Toutefois, il a été permis de dégager quelques différences notoires entre ces deux retours d’expérience. Premièrement, la couverture territoriale du réseau de recharge estonien est beaucoup plus complète et inclusive que dans les États de Washington et de l’Oregon, essentiellement dû au choix d’implanter des bornes de recharge rapide à l’intérieur des villes du pays. Il est important de nuancer ce constat en mentionnant que le réseau déployé en Estonie est un réseau national, alors que la West Coast Electric Highway est une initiative qui complémente d’autres projets importants d’implantation d’équipements de recharge (l’EV Project, notamment) ou de juridiction régionale. Deuxièmement, le financement des deux cas d’étude est complètement différent. En effet, dans le cas estonien, la vente des crédits de carbone qui a permis le déploiement du projet n’a rien coûté aux contribuables, contrairement aux programmes de financement américains qui provient implicitement des recettes fiscales du palier fédéral. Troisièmement, il a été permis de constater une stratégie d’électrification des transports globalement beaucoup plus agressive en Estonie, où on offre notamment une subvention à l’achat de véhicules électriques pouvant atteindre 50 % de la valeur d’achat. Quatrièmement, on a pu remarquer un contexte d’implantation qui, en termes relatifs, est beaucoup plus propice en Estonie,

qui présentait déjà au moment de déployer le réseau de recharge rapide le deuxième taux de véhicules électriques le plus élevé au monde. Néanmoins, avec les signes encourageants des ventes de véhicules électriques en Oregon, l’écart entre les deux cas tendra peut-être à se rétrécir avec le temps.

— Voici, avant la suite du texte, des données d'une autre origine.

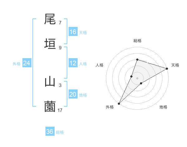 尾垣 山薗さんを姓名の画数から五運を鑑定

Finalement, en raison de la récence du déploiement des deux initiatives présentées, bien peu de résultats concrets et quantifiés ont été divulgués pour l’instant. Si les tendances observées semblent plutôt encourageantes, il sera très intéressant de suivre au cours des prochaines années l’évolution des deux projets et surtout les résultats qui en découleront. Il faudra toutefois faire preuve de vigilance et de discernement dans l’analyse de ces résultats, qui devront être mis en relation avec l’ensemble beaucoup plus large d’incitatifs en place sur le territoire. Néanmoins, ces études de cas auront fourni de précieuses informations quant aux meilleures pratiques de déploiement d’un réseau de bornes de recharge rapide, qui doivent toujours être adaptées au contexte du nouveau territoire d’application.